Kaiser: Access and transparency are both very important to consumers. We must learn to meet people where they are and ensure our communities have affordable and convenient access to the right care, whenever and wherever they need it. That's one of the reasons SSM Health is working to further strengthen our ambulatory platform, expanding virtual care, senior care, postacute, and behavioral health services. This will enable us to provide access to the best care possible—at all stages of life.
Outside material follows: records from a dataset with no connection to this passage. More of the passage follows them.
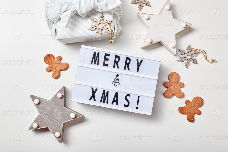 Световая коробочка с надписью "Счастливого Рождества", подарки в японском стиле фурошики и пряники
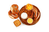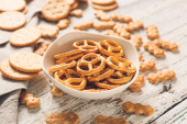 Miski ze smacznymi różnymi krakersami na białym tle
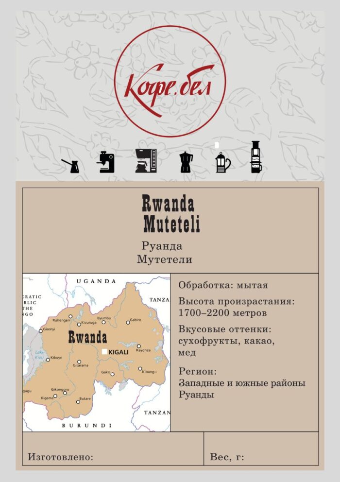 Кофе Руанда Мутетели — это очень интересный и яркий лот, который часто представляет собой смесь зерен из нескольких регионов Руанды. В нашем случае из западных и северных.

At the same time, we have invested in technology and systems that make it easier to access our services, including online appointment scheduling, same-day appointments, and virtual visits with both primary care providers and specialists. Last year, SSM Health also launched a price transparency program that provides patients with their estimated out-of-pocket costs. At the same time, we began publishing physician ratings and comments from patient surveys on our website. These are just a couple of the ways we are trying to assist patients in making more informed decisions for themselves and their families.
Ultimately, we must work with our patients and communities to find out what they actually want and need from us—instead of telling them. This requires research and a lot of listening. We don't always get the answers we expect, and we have to be open to that.
Jim Molpus is an editor for HealthLeaders.